Robots.txt should not be used to ban large portions of your site

robots.txt must not be used to ban large portions of your site. Even if you ban significant portions of your site, search engine spiders may mark your site as “forbidden” in general and simply stop spidering your site as often.

This is the first time that I encounter such theory. In general search engines push towards cleaner internet. They want you to organize your website so they can index less and provide more. It is all about resource preservation. So I doubt that this theory has real facts behind it.

I agree with Jack. Let Google have free rein to crawl all over your site and index as much or as little of your site as it wants to. Yes, by all means use robots.txt and rel=nofollow to block off areas of the site that won’t make sense to search engines or as landing pages, but apart from that let Google decide how it wants to deal with your site and you are likely to better than if you try to dictate or second-guess too much.

This is a misconception.
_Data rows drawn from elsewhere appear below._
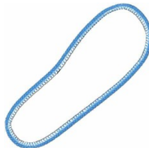
M 1612 $ vip 7.50x7.40 inches; 7,307 stitches 4 thread changes; 4 colors
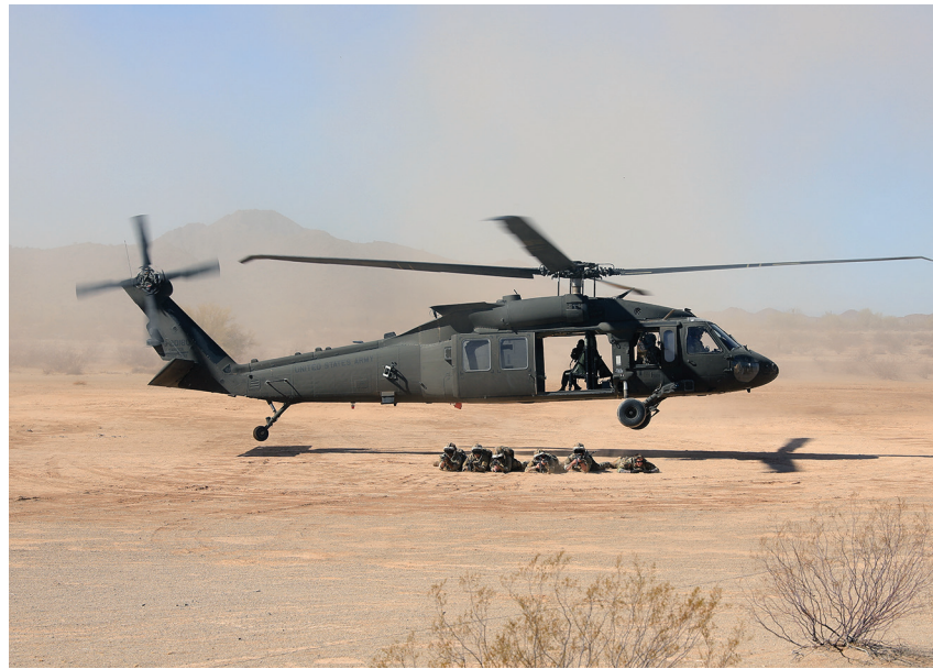
Soldiers from the 82nd Airborne Division take part in an Integrated Visual Augmentation System-enabled air assault exercise on 3 November 2021, on Yuma Proving Ground, Arizona, as part of Project Convergence 21.

Cyber and electronic warfare capabilities provide additional options for persistently competing. MDEBs can employ electronic transmissions to stimulate enemy radars, jammers, cyber defenses and ground units into responses that the MDTFs can analyze. 30 MDEBs also contain the capacity to penetrate adversary cyber networks. During competition, these networks would be monitored for intelligence and scanned for vulnerabilities that the MDTFs could later exploit during a crisis or conflict. The MDEBs could intentionally reveal some successful cyber penetrations to an adversary to achieve cognitive and deterrent effects by signaling potential escalation costs.
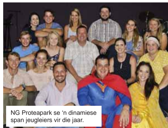
NG Proteapark se 'n dinamiese span jeugleiers vir die jaar.

Tydens die naweek het die belydenisgroep gaan kamp, in 'n heerlike en welkome manier mekaar leer ken, en intensiewe voorbereidingswerk gedoen vir die jaar wat voorlê. Hierdie groep jongmense skakel in by die kerk se uitreikaksies wat deur die jaar plaasvind. Inskrywings vir beide die jeug- en tienerbediening kan steeds hierdie week gedoen word.
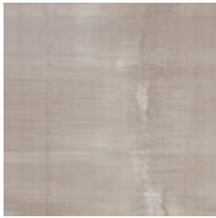
P3T 60340 SMOOTH SABLE
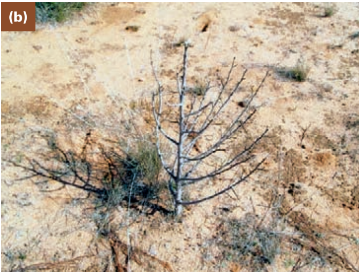
FIGURE 4: Native pines with: (a) little damage (score 1); or (b) complete defoliation (score 5).
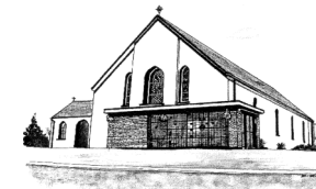
St. Brigid's Church,
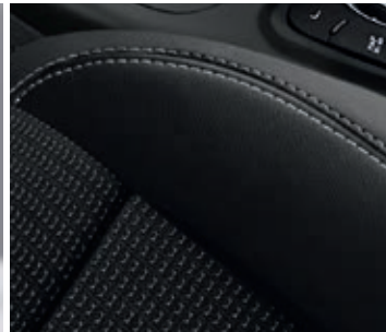
DARK CHARCOAL CLOTH LEATHERETTE TRIMMED UPHOLSTERY
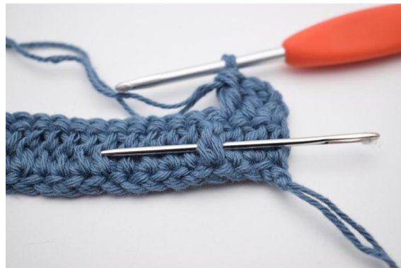
4. Now work 1 fpdc around the next st. The needle is indicating where to insert the hook.
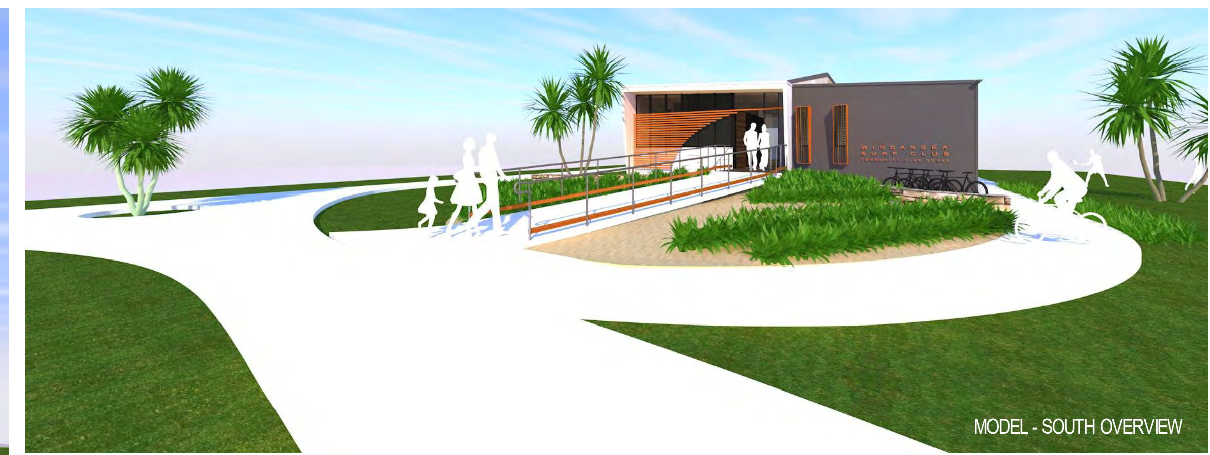
MODEL - SOUTH OVERVIEW
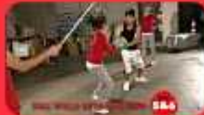
BALL SKILLS WITH
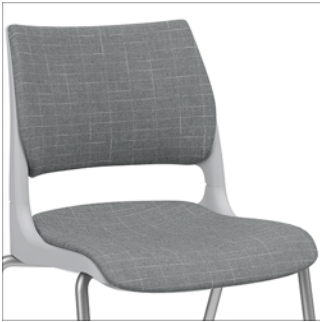
Solid Poly with Upholstered Seat and Back
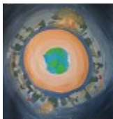
“INSIDE IS PEACE”
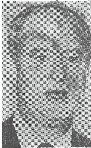
ROBERT A. MAHEU

Hughes was then still ensconced atop the Desert Inn Hotel, which he owned. Hughes had started buying
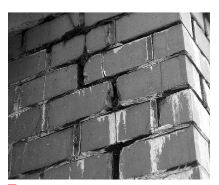
△ Cracks and eroded mortar compromise resistance to ice, snow, and changing temperatures.

Where is that water coming from? If you have ruled out drainage and water penetration problems, but large concrete members continue to show surface moisture, then you might have a simple case of seasonal condensation. Make observations during different weather conditions; condensation is likely to appear when weather heats up quickly, as during an unseasonably warm winter's day or early spring thaw. There may be little that can be done about the problem, however, as it is simply the nature of a large mass to warm up more slowly than the surrounding air, leading to water
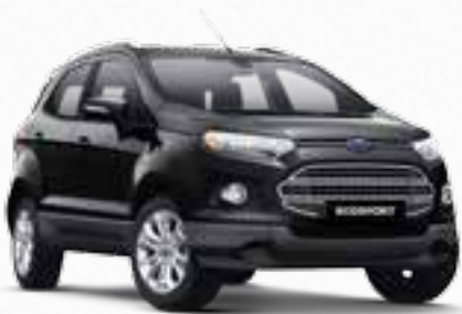
Panther Black ^

Search engines will continue to crawl you site–just not the pages/paths you disallow.

The problem is that you might inadvertently close off a route they were using to get to pages that you want them to crawl. The more restrictions you put into place as to where they can and can’t go, the bigger the risk that they won’t be able to quickly and effectively crawl the areas of the site that you want them to.

Its up to you whether you want to disallow the search engine to crawl your major part of website by using robots.txt or not. If you are using robots.txt to disallow large number of pages/directories, it will slow down the crawler. You can use the Meta tags to block the Google Crawler from indexing your website too.

I would have to disagree. Lets assume you run complex software where you want to disable various sections that have no particular weight to any content. This way you save your resources as well.
For example this is Sitepoint robots.txt

User-agent: *
Disallow: /search
Disallow: /member
Disallow: /private
Disallow: /sendmessage
Disallow: /report
Disallow: /postings
Disallow: /editpost
Disallow: /newreply
Disallow: /showpost
Disallow: /online

User-agent: BoardTracker
Disallow: /

That’s what I meant by “by all means use robots.txt and rel=nofollow to block off areas of the site that won’t make sense to search engines” … areas of the site that you can only use when logged in don’t make sense to search engines so they don’t need access to it.

Well my experience is different. I have blocked 75% links of my website i.e I have four languages and out of these my site is only ready for english. I just cant allow Google to crawl my other 3 language pages as if it does it does it drop rank of my english version site as I am using Google translator for most my pages.

Google still needs to improve and above all its bot so we cant trust it and have to make sure it should not see anything which it does not understand.